··· PROVIDED DATA ···
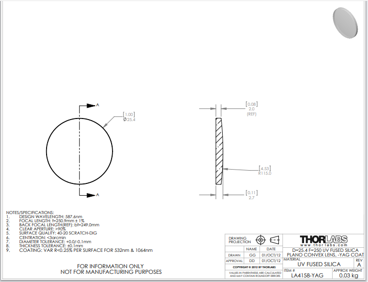 Thorlabs索雷博     LA4158-YAG   平凸透镜
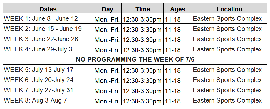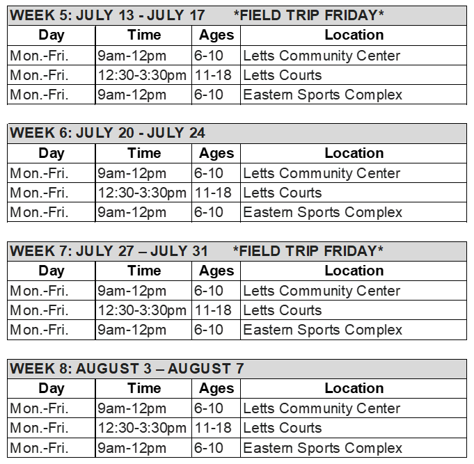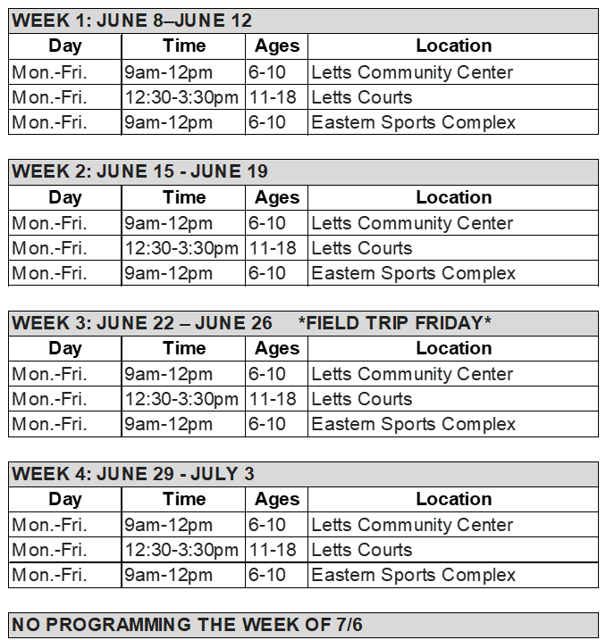 Programming will take place at two sites: Letts Community Center & Eastern Sports Complex.
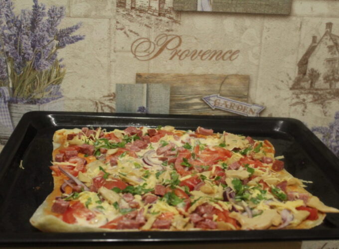 - Peste pizza se toarnă amestecul de ou bătut-maioneză și se dă la cuptorul încins pentru o jumătate de oră.
···
PROBLEM STATEMENT
Only the pictures in the listing above get left out; print everything else exactly.

WORKED SOLUTION
 Thorlabs索雷博     LA4158-YAG   平凸透镜
 Programming will take place at two sites: Letts Community Center & Eastern Sports Complex.
 - Peste pizza se toarnă amestecul de ou bătut-maioneză și se dă la cuptorul încins pentru o jumătate de oră.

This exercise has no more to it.